Here is an example of how you would use the pseudo-register feature.

This will represent a mips-like CPU with a vector co-processor.
It will show an example of an alias register (one that shares
the same storage as another "real" register), and a non-alias
pseudo-register (one that has its own storage, and whose value
must be computed).

First I will lay out my register-names array, starting with the
real physical registers:

#define MIPS_REGISTER_NAMES { \
  "r0",  "r1",  "r2",  "r3",  "r4",  "r5",  "r6",  "r7", \
  "r8",  "r9",  "r10", "r11", "r12", "r13", "r14", "r15",\
  "r16", "r17", "r18", "r19", "r20", "r21", "r22", "r23",\
  "r24", "r25", "r26", "r27", "gp",  "sp",  "s8",  "ra", \
  "sr",  "lo",  "hi",  "bad", "cause","pc",              \
  "f0",  "f1",  "f2",  "f3",  "f4",  "f5",  "f6",  "f7", \
  "f8",  "f9",  "f10", "f11", "f12", "f13", "f14", "f15",\
  "f16", "f17", "f18", "f19", "f20", "f21", "f22", "f23",\
  "f24", "f25", "f26", "f27", "f28", "f29", "f30", "f31",\
  "fsr", "fir", "fp",  "inx", "rand","tlblo","ctxt","tlbhi", \
  "epc", "prid", "",   "",    "",    "",     "",    "",  \
  "",    "",    "",    "",                               \
  "v0_00", "v0_01", "v0_02", "v0_03", \
  "v0_04", "v0_05", "v0_06", "v0_07", \
  "v0_08", "v0_09", "v0_10", "v0_11", \
  "v0_12", "v0_13", "v0_14", "v0_15", \
   [...]
   "v15_56","v15_57","v15_58","v15_59", \
   "v15_60","v15_61","v15_62","v15_63", \
Above are my vector register elements, which are treated as
real registers.  After the last one, I add some pseudo-registers
which will be aliases for the real registers:
  "vector0",  "vector1",  "vector2",  "vector3",  \
  "vector4",  "vector5",  "vector6",  "vector7",  \
  "vector8",  "vector9",  "vector10", "vector11", \
  "vector12", "vector13", "vector14", "vector15", \
and some more pseudo-registers whose values must be computed.
  "vrow0", "vrow1", "vrow2", "vrow3",  \
  "vrow4", "vrow5", "vrow6", "vrow7",  \
  "vrow8", "vrow9", "vrow10","vrow11", \
  "vrow12","vrow13","vrow14","vrow15", \
  [...], "vrow63" \
}

Vector0 is my first pseudo-register and vrow63 is my last.  So
#define NUM_REGS VECTOR0_REGNUM
#define NUM_PSEUDO_REGS VROW63_REGNUM - VECTOR0_REGNUM + 1

v0_00 etc. will be int, and vector0 etc. will be (int[64]).
vrow0 etc. will be (int[16]).  REGISTER_VIRTUAL_TYPE etc. 
will be defined so as to return these types.

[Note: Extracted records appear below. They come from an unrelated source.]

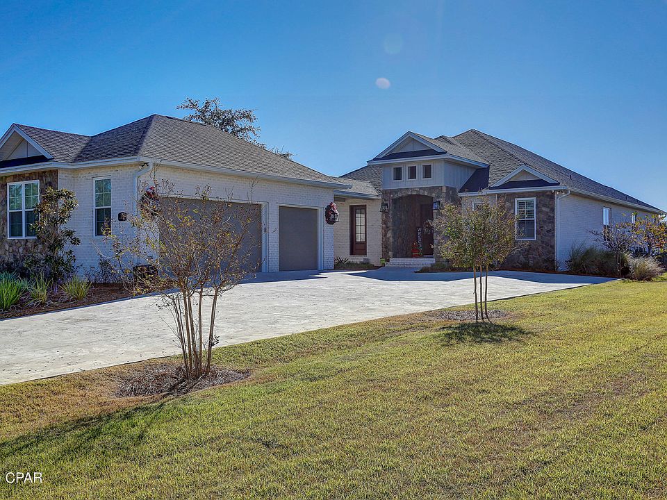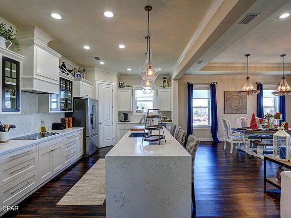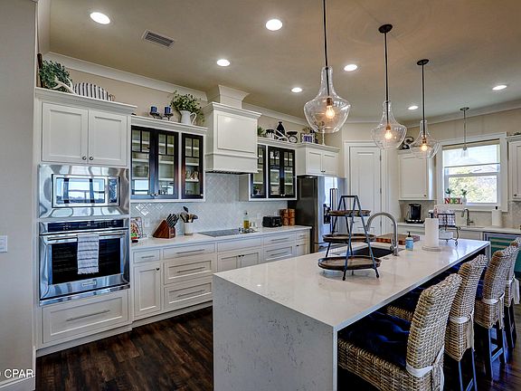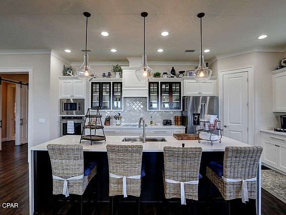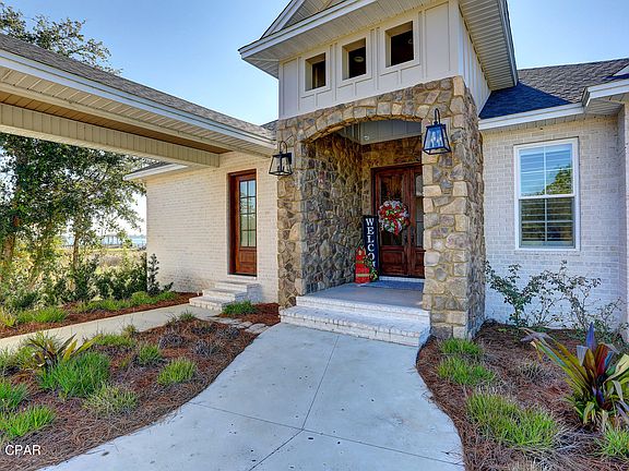 Video tour. Lynn Haven Bay Front home with panoramic views of North Bay on almost .5 acre lot. Interior of home features large living room, open kitchen with custom cabinets, large island, upgraded appliances, work sink, wine cooler and walk-in pantry, waterfront master bedroom with stand alone tube and wavy tile shower plus huge walk-in closet, 4th bedroom office, two additional bedrooms with access to bathroom, working laundry room, 4 panel glass slider to screened in 18 x29 covered porch with outdoor kitchen. There is a beautiful outdoor fireplace and seating area. There is a 20,000 lb boat lift and dock that has lighting, electricity, water and security cameras. There is a spacious 3 car garage, and fully landscaped yard. Security cameras on exterior and Control4 smart home technology.
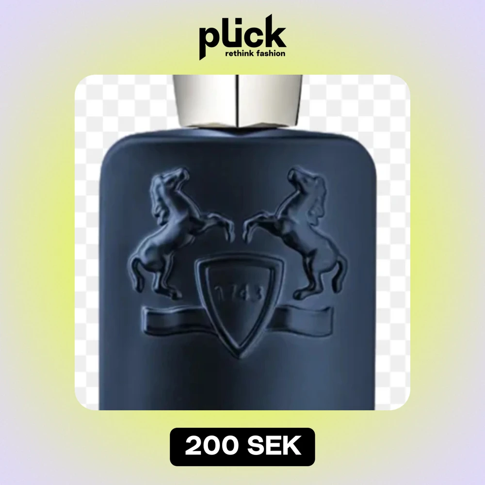 Parfums de Marly Layton - Säljer en elegant parfym från Parfums de Marly, Layton. Flaskan är mörkblå med en stilren design och har en silverfärgad kork. Förpackningen är svart med vita ränder och har en kunglig känsla med hästmotiv. Perfekt för den som vill ha en lyxig doftupplevelse.
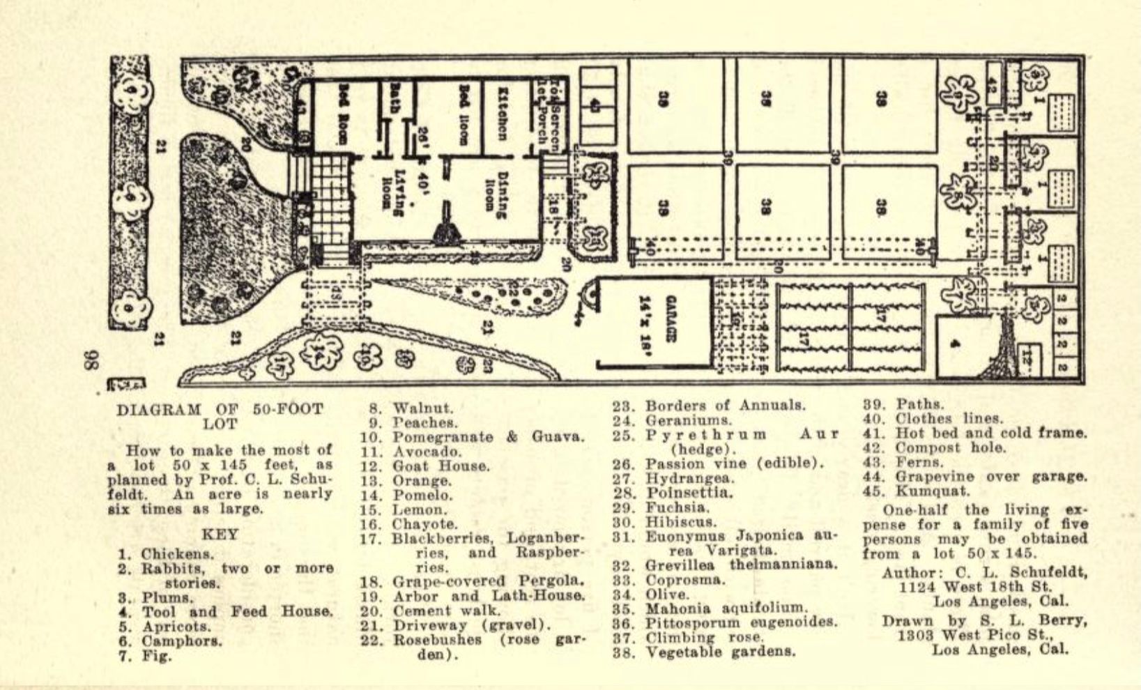 Smythe filled his book with illustrations of what a garden home could look like. In one diagram, a five-room bungalow on a ⅙-acre lot — “the standard-sized lot in Los Angeles” — sits draped in flowering vines and surrounded by rose bushes, vegetable beds and fruit trees. Behind the garage is a blackberry bramble, chicken coops and rabbit hutches.
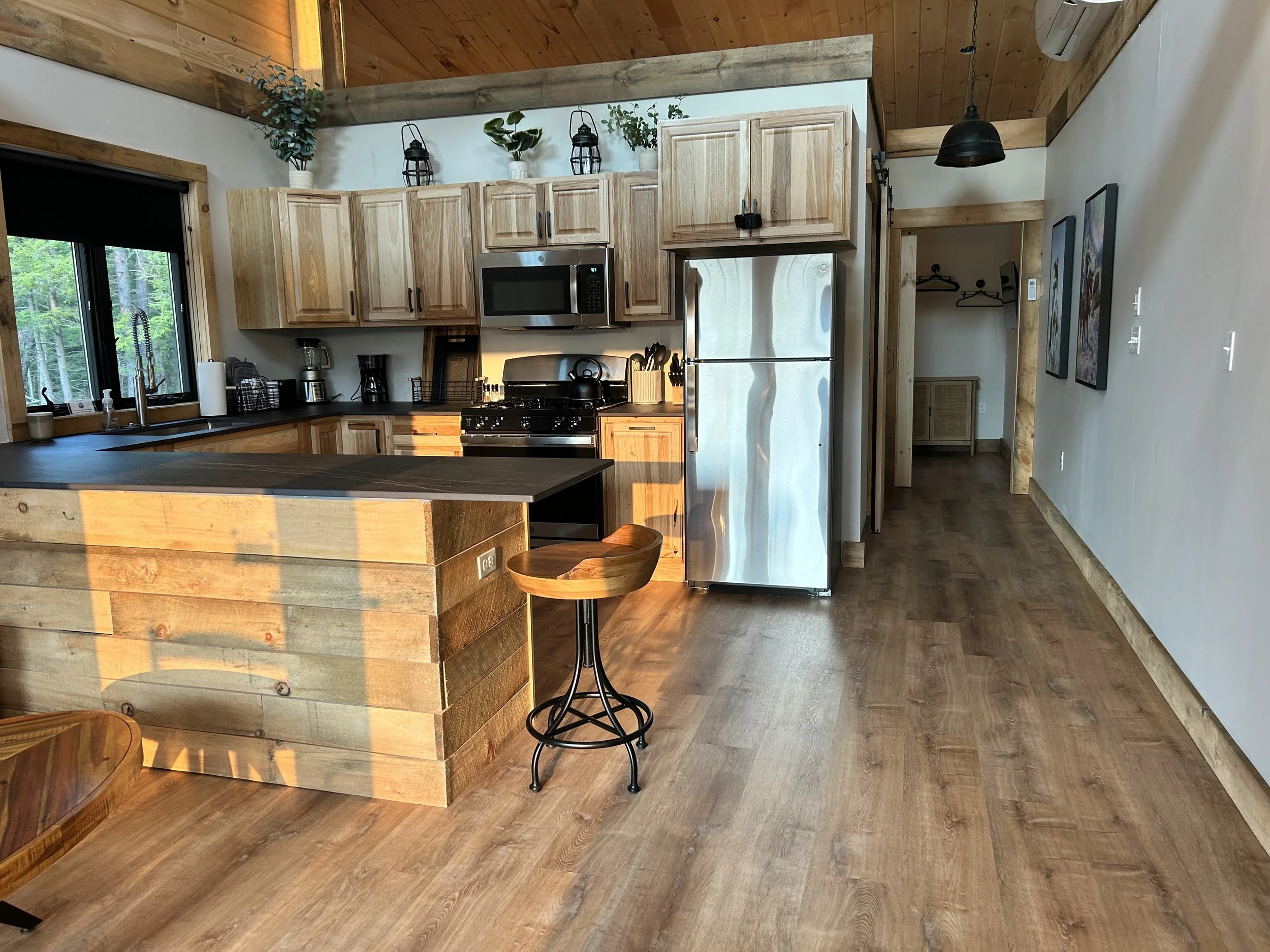 Revival Ludlow’s Main House is perfect for family gatherings or for sharing with another family. The large kitchen features a gas cooktop, electric oven, and dishwasher. The main living room offers a wood-burning fireplace and ample space to relax. An upstairs bonus room with a queen Murphy bed easily converts the space into a four-bedroom home — and a fifth bedroom is available in the adjoining cottage connected by a covered catwalk.

REGISTER_RAW_SIZE will return sizeof(int) for V0_00_REGNUM, 
sizeof(int[64]) for VECTOR0_REGNUM, etc.

REGISTER_BYTE will return the same result for:
V0_00_REGNUM and VECTOR0_REGNUM, 
V1_00_REGNUM and VECTOR1_REGNUM, 
V2_00_REGNUM and VECTOR2_REGNUM, etc.
so that $vector0[0..63] is just an alias for $v0_00 thru $v0_63
and so on (they share space in the registers cache).

But $vrow0 will be a 16-element array containing one element
from each of the 16 $vector registers -- and because of the
element ordering, it cannot just point to the same storage.
It has to have storage of its own in the registers cache, 
and every read and write from this register has to make sure
that it contains the same values as the corresponding storage
for the element registers and the $vector registers.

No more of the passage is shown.